Only three case reports and one openlabel trial mentioned the use of sildenafil in antipsychotic-induced dysfunction.20-23 These pharmacological strategies described above, once initiated, should not be discontinued until a minimum of two weeks of therapy have been administered.

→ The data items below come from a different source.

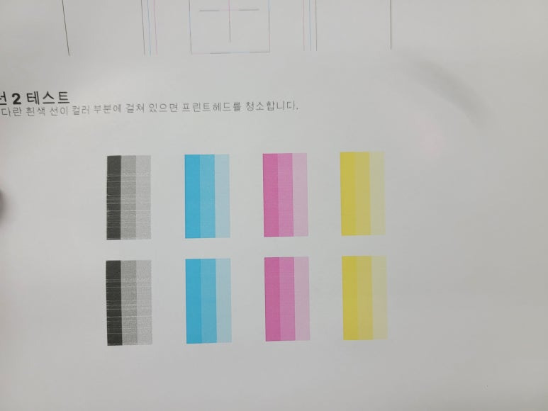⚠ 이상 시에만, 액정에서 설정 ➡ 유지 및 보수 ➡ 헤드청소 3단계 1회만 진행 (개선없다면 수리요청)
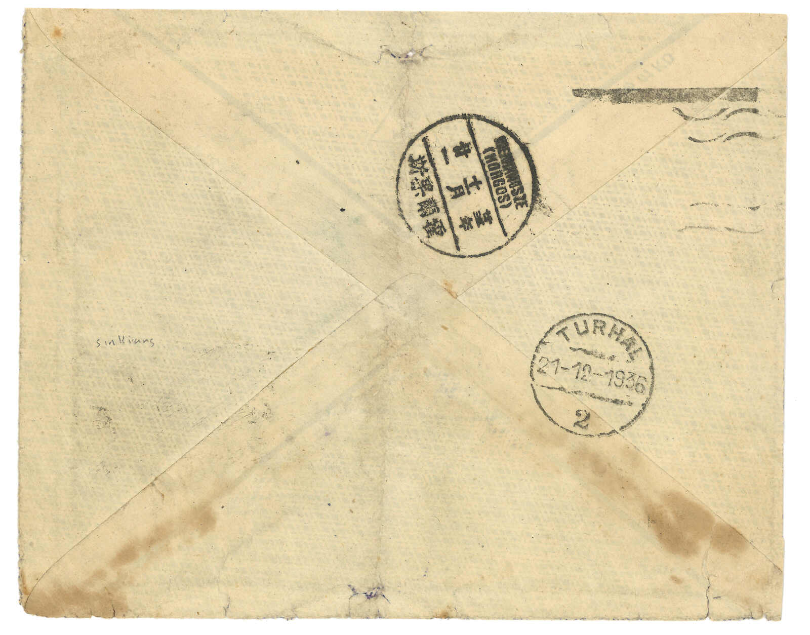 3155 cover image1936 Kuldja (17 Nov) to Turkey, f.w. SYS and Martyrs ovpt. Limited For Use in Sinkiang 5c + 10c x2, tied by Sinkiang Kuldja type 6 cds. Transit Hoerhkwosze (21 Nov). Arrived Turhai (21 Dec). Hoerhkwosze functioned as international exchange office since 17 Jan 1926. However, mails were much fewer than Tacheng.
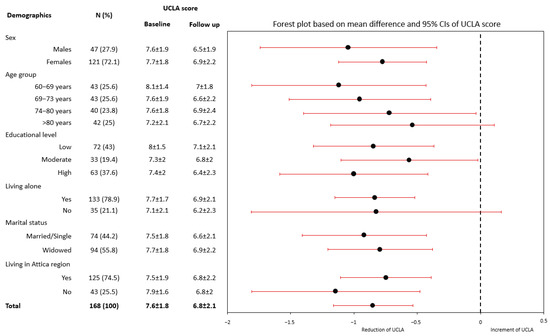Categorical variables are presented as relative frequencies (%) and continuous variables are presented as mean values (standard deviation). The association of UCLA-LS between baseline and follow-up was evaluated through Student’s paired t-test. Age classification into four groups was defined in accordance with quartiles. Sub-group analysis of UCLA-LS between baseline and follow-up was utilized by age, sex, educational level (low, medium, high), area of residence, cohabitation and marital status.
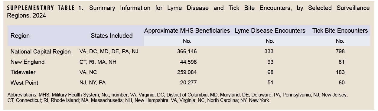 Lyme disease incidence has been increasing among U.S. Department of Defense (DOD) service members over the past 20 years, threatening the health and readiness of the force.1 Syndromic surveillance of tick bite visits can provide timely information that might predict changes in tick-borne disease incidence and geographic spread.2 Tick and tick-borne illness surveillance programs in the U.S. face many barriers, however, including inconsistent funding and limited capacities.3
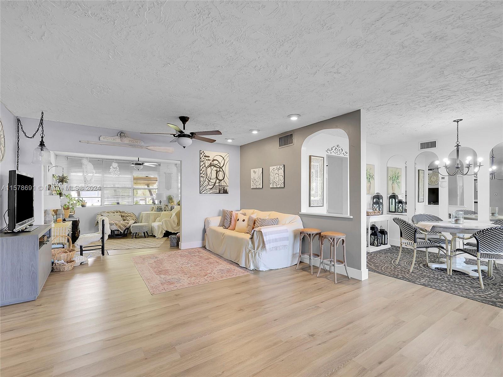 Spacious layout with large living room, dining room, and family room. Backyard is like an oasis with beautiful landscaping and relaxing water view. Separate laundry room and storage. . All bedrooms are a nice size. Metal Roof is 2020, AC 2018, Water heater 2024. White Shaker style cabinets with white quartz counters.
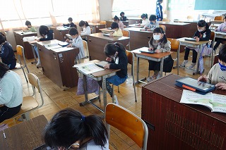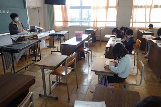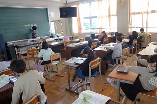 1年1組の音楽は、子犬のマーチに合わせてタブレット端末の鍵盤ソフトを演奏しました。

Shakuyaku-kanzo-to (TJ-68) is a Japanese medicine that is composed of two herbs (Radix paeoniae and Radix glycyrrhizae) and has been used to treat acute muscle cramps including menstrual pains. TJ-68 has been investigated in relation to neuroleptic-induced hyper prolactinemia. Although the mechanism is unknown, TJ-68 may have a direct inhibitory effect on prolactin release from the pituitary. Alternatively, the observed effect of TJ-68 may be explained by an indirect action when reducing estradiol.24,28
Selegiline is a selective monoamine oxidase-B inhibitor; in low doses it selectively inhibits the oxidation of dopamine and phenyl- ethylamine.29 Its metabolites, L-amphetamine and L-methamphetamine, have sexual arousal properties.25 But in the only double-blind placebo-controlled trial found in the literature, selegiline did not show any effectiveness in improving sexual functioning, despite a significant decrease in prolactin levels.30
A description of the main drugs, respective doses, potential drug interactions and side effects can be found in Table 2.13-20,23,24,27,30-38
Table 2. Main drugs and respective dosages used in treating antipsychotic-induced sexual dysfunction.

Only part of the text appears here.